Election Campaign for Nationalistic Aims The most significant feature of the election campaign was that it sought to mobilise the Indians against the British; it did not just appeal to the people for votes.
The election campaign expressed the nationalist sentiments against the state repression of the 1942 Quit India upsurge. This was done by glorifying martyrs and condemning officials. The brave resistance of the leaderless people was lauded; martyrs’ memorials were set up; relief funds were collected for sufferers; the officials responsible for causing pain were condemned; and promises of enquiry and threats of punishment to guilty officials were spelt out.
The government failed to check such speeches. This had a devastating effect on the morale of the services. The prospect of the return of Congress ministries, especially in those provinces where repression had been most brutal, further heightened the fears of those in government services. A ‘gentleman’s agreement’ with the Congress seemed necessary to the government.
Mass pressure against the trial of INA POWs, sometimes described as “an edge of a volcano”, brought about a decisive shift in the government’s policy. The British had initially decided to hold public trials of several hundreds of INA prisoners besides dismissing them from service and detaining without trial around 7,000 of them.
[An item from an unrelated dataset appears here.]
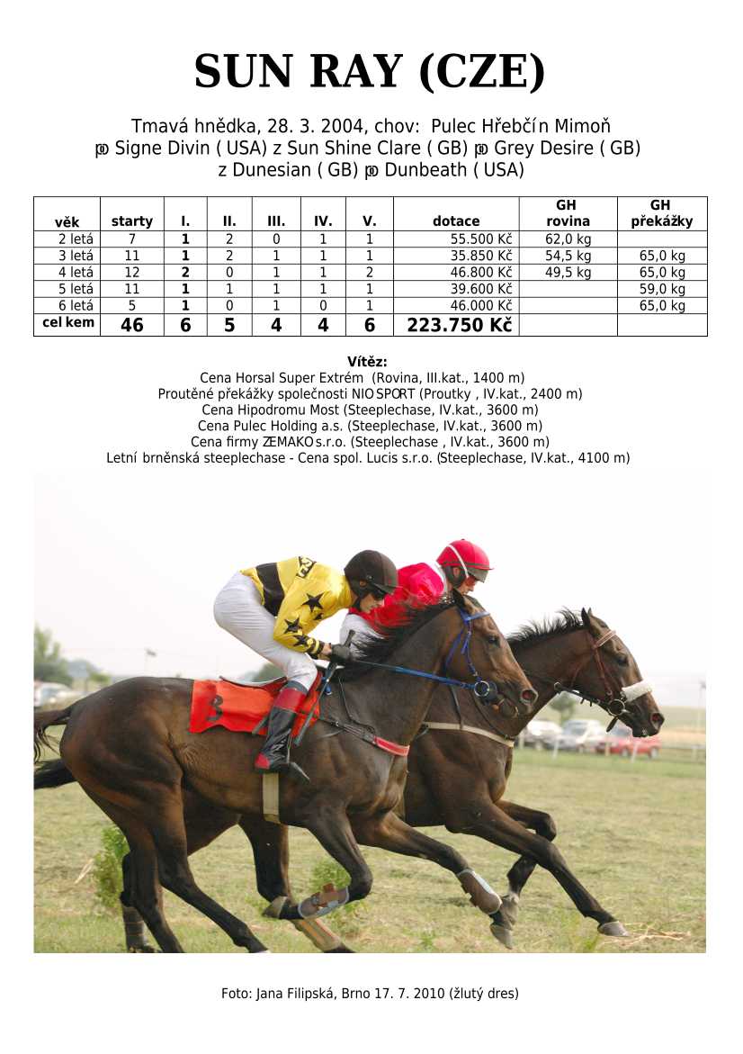 Bezpochyby největší zásluhu na titulu má náš nejvěhlasnější překážkový dostih Velká pardubická steeplechase. Letošní ročník se do historie zapsal zcela nezapomenutelně. Především to byl fantastický doběh dvou koní současně. Sice chyběla cílová fotografie, ale mě strhující výkon obou koní, po 6900 m dlouhé trati, vzal dech a dostihová komise nemohla rozhodnout o vítězství lépe. Poctivý SEXY LORD (Egerton) a jako z praku vystřelený do posledních metrů polokrevný GODFREY(FR)(Great Pretender). Přispěním do šampionátu byla i pátá příčka matadora TALENTa (Egerton). Pár bodíků přidali i umístění v rámcový dostizích ASKERANA (Egerton) a CLAUDIO (Egerton).
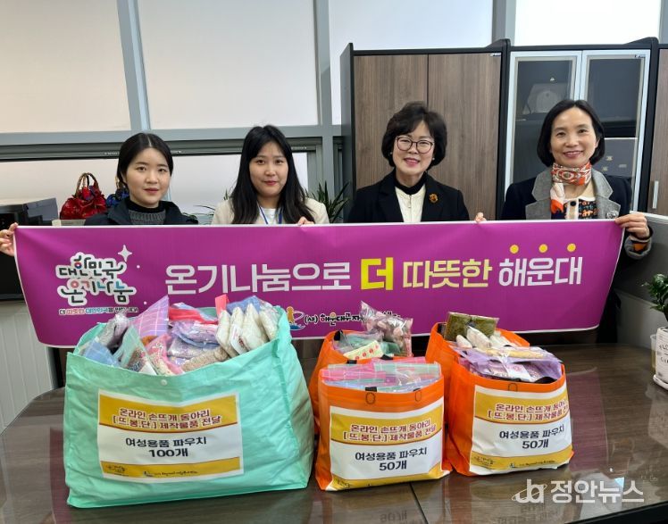 정안뉴스 황정혜 기자 | (사)해운대구자원봉사센터는 지난 20일,‘온라인 손뜨개 봉사단’과 함께 여성용품 파우치 250개를 제작하여 지역아동센터와 해운대구장애인복지관으로 기부했다.

They compounded the folly by holding the first trial at the Red Fort in Delhi in November 1945 and putting on dock together a Hindu, Prem Kumar Sehgal, a Muslim, Shah Nawaz Khan, and a Sikh, Gurbaksh Singh Dhillon.
Another issue was provided by the use of Indian Army units in a bid to restore French and Dutch colonial rule in Vietnam and Indonesia: this enhanced the anti-imperialist feeling among a section of urban population and the Army.